Although interest in rail travel has soared during the past decade as hordes of young professionals returned to inner city neighborhoods, Union Station remains much as it did following renovations in the mid-1980s.

With its ownership and management sliced among more than a dozen federal and local government agencies, the Daniel Burnham-designed landmark remains an important transportation hub for the Northeast and Mid-Atlantic, but one where the growing crowds cram its dated corridors, concourses, stairwells and elevators. Though it is the second-most trafficked train station in the country, it still struggles to attract shoppers beyond those passing through on their way to another destination, whether via Amtrak, commuter rail, Metro, regional bus or taxi.

A new generation of plans — some under way, some still on the drawing board — would upgrade nearly every part of the station and maximize the building’s historic bones for both commuters and out-of-towners.

The plans are accompanied by hundreds of millions of dollars of real estate investment pouring into surrounding neighborhoods, with office towers rapidly climbing in the “NoMa” neighborhood north of Massachusetts Avenue, and H Street Northeast becoming a trendy late-night spot for the 20-something crowd. The District government plans to open a streetcar line that would run along H Street and connect to the station’s northern end.

Betting on the future

Today, Smith is chief investment officer for First Potomac Realty Trust, owner of more than $2 billion of commercial real estate. He and his company are betting big on the neighborhood he once wandered as a teenager.

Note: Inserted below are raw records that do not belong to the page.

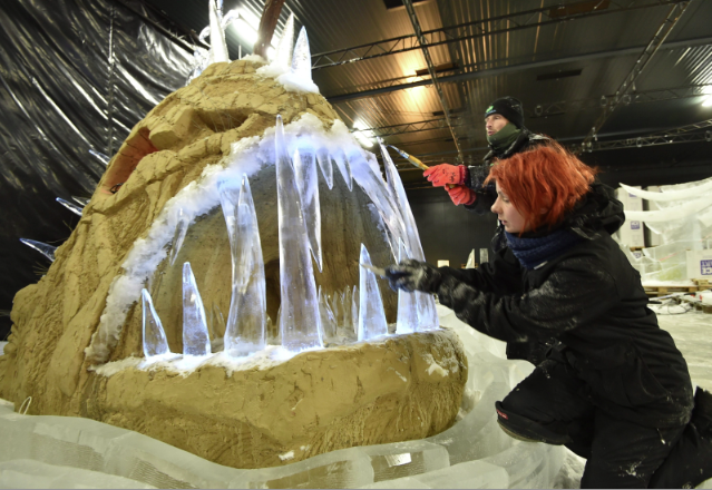W Elstal w Niemczech trwają przygotowania do największej wystawy rzeźb lodowych. Na zdjęciu: łotewscy artyści pracują nad gigantyczną rybą stworzoną z lodu i piasku. Wystawa ma zostać otwarta pod koniec listopada.
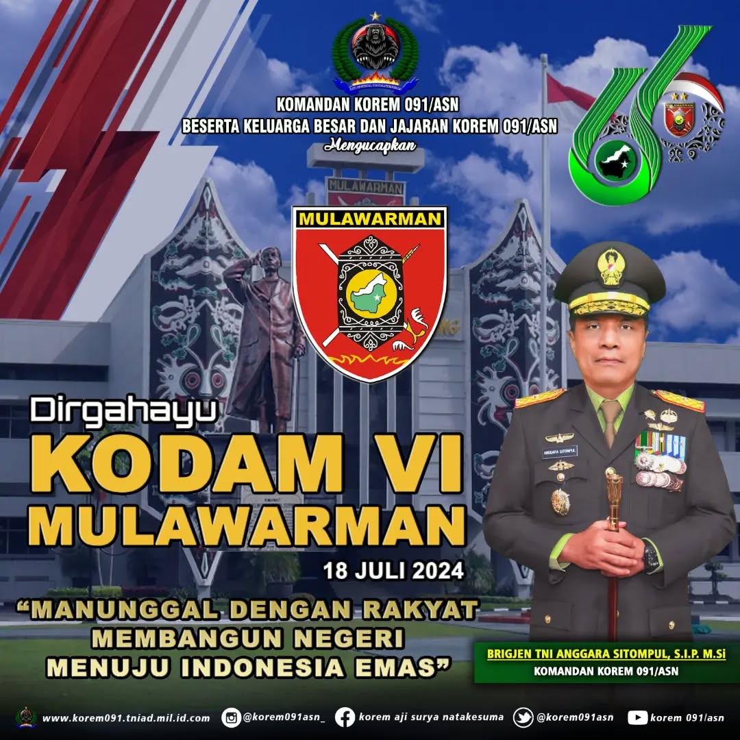 Danrem 091/ASN Beserta Keluarga Besar Korem 091/ASN Mengucapkan Dirgahayu KODAM VI MULAWARMAN 18 Juli 2024 “Manunggal Dengan Rakyat Membangun Negeri Menuju Indonesia Emas”.
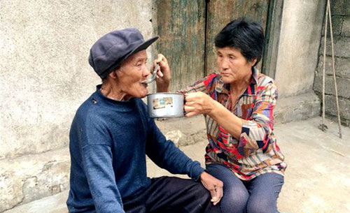 只為對兒媳的一個承諾,十多年間,她每天做著同樣的事情:早晨騎著電動自行車趕往3里路以外的親家家中,做飯、喂飯、清理床上穢物,陪親家聊天,傍晚時分再次趕到親家重復著上午的事情,直到夜色昏沉才拖著疲憊不堪的身子回家。
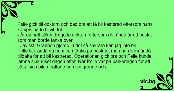 Pelle fiск ändå gå hem och tänka på beslutet men han kom ändå tillbaka för att bli kastrerad. Operationen gick вrа och Pelle kunde lämna sjukhuset dagen efter. När Pelle var på parkeringen för att säтта sig i bilen träffade han sin granne och Pelle frågade naturligtvis vad han gjorde där.
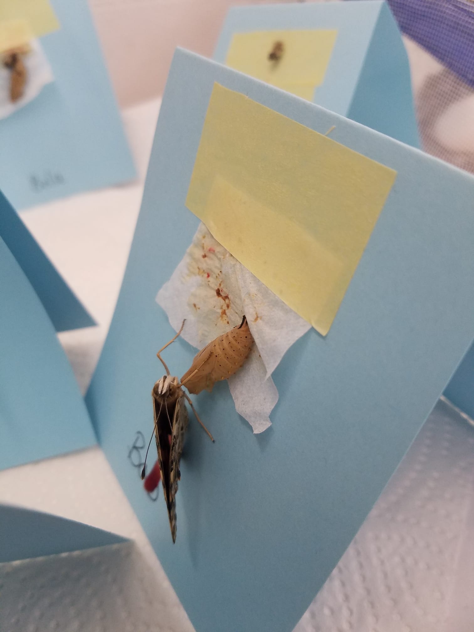 Seit ca. zwei Wochen läuft das Projekt bei uns an der Schule, jetzt sind die ersten Distelfalter

Until a few years ago, Bethesda-based First Potomac focused on industrial and office properties in the area’s outer suburbs and exurbs, as far south as Virginia Beach. With the revitalization of urban areas, however, it quickly changed its focus, making 23 investments totaling $746.6 million in inner Washington area neighborhoods between 2009 and this past August, when First Potomac and a partner purchased the Greyhound bus station for $46.8 million. It now owns about $250 million worth of real estate within a few blocks of Union Station, including 440 and 500 First St. NW, and 840 First St. NE.

“The draw that we had initially to the neighborhood was the U.S. Capitol. Of course it’s a big employment driver over there,” Smith said. But as Smith and his colleagues looked more closely, they realized that companies looking for space in the area were focused on being close to transit.

“What we found when we were sniffing around, when we were doing more investigation on that neighborhood, is that Union Station is really the hub for all the activities there,” Smith said. “The tenants love it for all the amenities that it has.”